Otobüs gelince çaresiz bindim. Sanki itiyorlardı arkamdakiler. Hani mevsim yaz olsaydı köşedeki dondurmacıdan iki liraya dondurma alıp sahilde denizi, martıları ve vapurları seyrederek yerdim. Hep aynı hayali bir gün karşı kıyıda demirlemiş şu kocaman yolcu gemilerinden birine binip uzak sahillere gitmenin hayalini kurardım. Sonra gözüme annemin ağlamaktan şişmiş gözleri gelir oturduğum kayalıklardan kalkıp evin yolunu tutardım. Parayı ödeyip en arkaya geçtim. Otobüs her zamanki gibi kalabalıktı. Daha ilk durakta hareket etmek bile zorlaşmıştı. Her gün aynı saatte aynı otobüse binice artık yolcuları tanımaya başlıyorsunuz. Hafta içlerinin o çalışan insanları kolları bacakları birbirlerine değerek ve hattâ kimi zaman kucak kucağa yolculuk ettikleri halde birkaç kelamı esirgiyorlar birbirlerinden. İşte onlardan biri kocaman gözlükleri ve garip şapkasıyla bizim profesör çoktan yerini almış. Profesör dediğime bakmayın. Belki bir devlet dairesinde memurdur.

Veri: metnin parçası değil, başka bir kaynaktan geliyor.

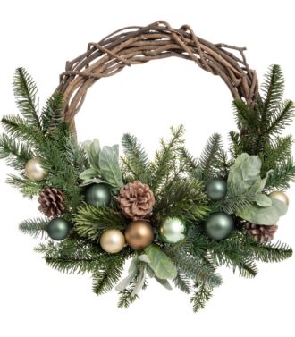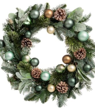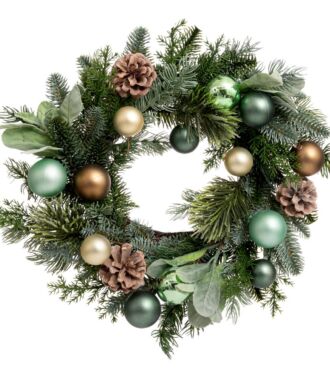 ΠΡΑΣΙΝΟ ΣΤΕΦΑΝΙ ΜΕ ΠΕΥΚΟ ΜΕ ΧΡΙΣΤΟΥΓΕΝΝΙΑΤΙΚΕΣ ΜΠΑΛΕΣ Φ71ΕΚ
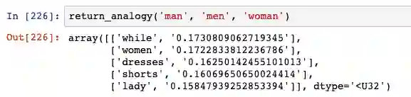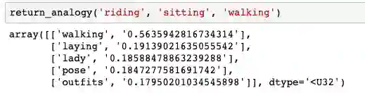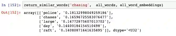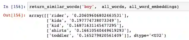我们可以使用 100 维表示 (100-dimensional representation) 来构建一个函数,该函数提出与输入单词最相似的单词。它的工作原理很简单:采用 100 维的表示,并找出它与数据库中所有其他单词的余弦相似度。
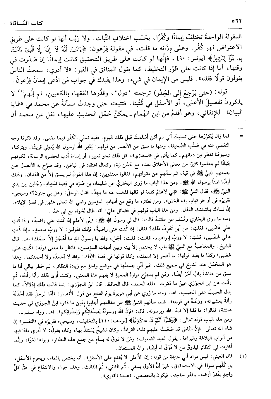 (¬1) قال العيني: ليس مراد أبي حنيفة من قوله: إن الأعلى لا يُقدم على الأسفل". أنه يختص بالماء، ويحرم الأسفل، بل كُلَّهم سواءٌ في الاستحقاق، غيرَ أنَّ الأول يسقي. ثُم الثاني، ئُمَّ الثالث. وهلم جرا، والانتفاع في حقِّ كلِّ واحِدٍ بقَدرْ أرضه، وقدْر حاجته، فيكون بالحصص. "عمدة القاري".
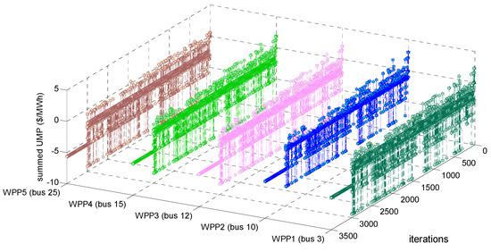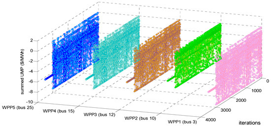 - State variable: in iteration T, the LMP and UMPs in bus m cleared in iteration T − 1 are considered as the market environment states for WPPi connected in bus m (), which is because WPPi () actually has no idea about other market information. Taking to represent the state variable vector for WPPi in iteration T, the relationship between and clearing prices is as follows [20]:where, and represent the LMP and the k-th UMP in bus m cleared in iteration T − 1, respectively.
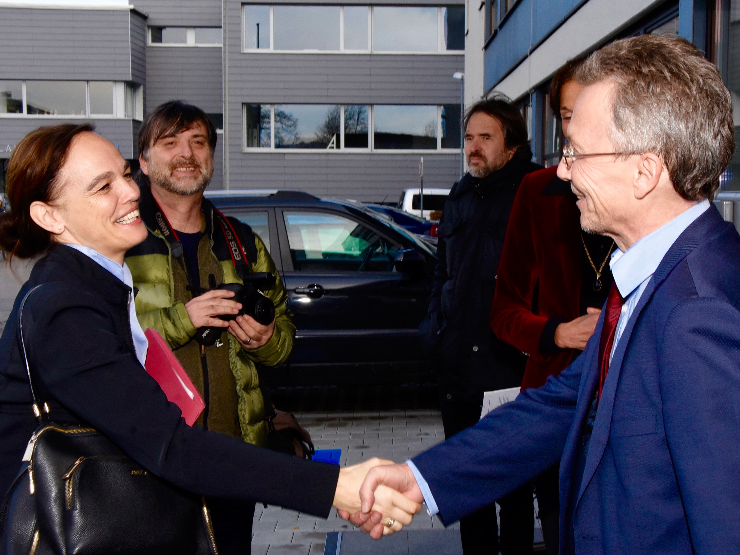 BORG Lauterach-Direktor Michael Schelling begrüßt Bundesministerin Dr. Sonja Hammerschmid an "seiner" Schule.
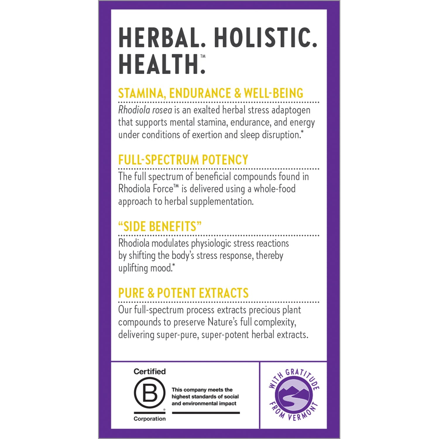 The full spectrum of beneficial compounds found in Rhodiola Force 300 is delivered using a whole-food approach to herbal supplementation.
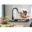Внутри крана помещается шланг, который можно растянуть, чтобы достать струей воды до второй чаши мойки или тщательно сполоснуть посуду.
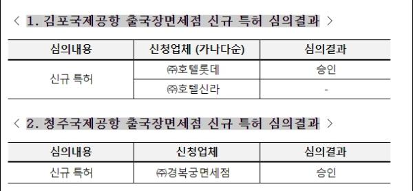 이번 특허심사위원회에서는 ①김포국제공항 출국장 면세점 신규 특허, ②청주국제공항 출국장 면세점 신규 특허 사업자 선정을 의결했다.
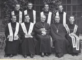 Pfarrer Franz Sessler, Kaplan Fritz Ullmer, Pater Titus, Fidelis Ruppert und Pfarrer Ludwig Bender bei der Primiz in Plankstadt.

Bacakları arasına sıkıştırdığı eski bir deri çanta ve elinden hiç eksik etmediği gazete yüzünden ona profesör diyorum. Bir kaç sefer gazeteyi alırken kafamı uzatıp gördüğüm kadarıyla içinde birkaç dosya bir fotoğraf makinesi ve her mevsim bir şemsiye var. Bir gün yağmur yağsa da çıkarsa şu şemsiyeyi sanki otobüsün içinde ıslanacakmışız gibi açsa. Sonra durup dururken bana kendi hikâyesini anlatıverse. Nerden gelip nereye gittiğini, ne iş yaptığını, neden fotoğraf makinesi ve şemsiye taşıdığını anlatsa... Belki diyorum kendi kendime baba yadigârıdır şemsiye. Belki de ufak bir çisede hemen meydana doluşup bir liraya şemsiye satan çocuklardan almıştır. Yok canım! Koskoca profesör sanmam ki bir liraya şemsiye almış olsun. Ya fotoğraf makinesi?

–İzledin mi diziyi?

Hemen arkamda iki liseli kız konuşuyorlar. İsimlerin yabancı olduğundan anlaşıldığı üzere bir Amerikan dizisinden bahsediyorlar. Falanca kızı alıp kaçmış. Kasabaya kadar kilometrelerce yürümüşler. Adamlar köşe bucak bunları arıyorlarmış. Hattâ az kalsın yakalayacaklarmış da. Karanlığa iki üç el ateş edilmiş. Tam da orda dizi bitmiş.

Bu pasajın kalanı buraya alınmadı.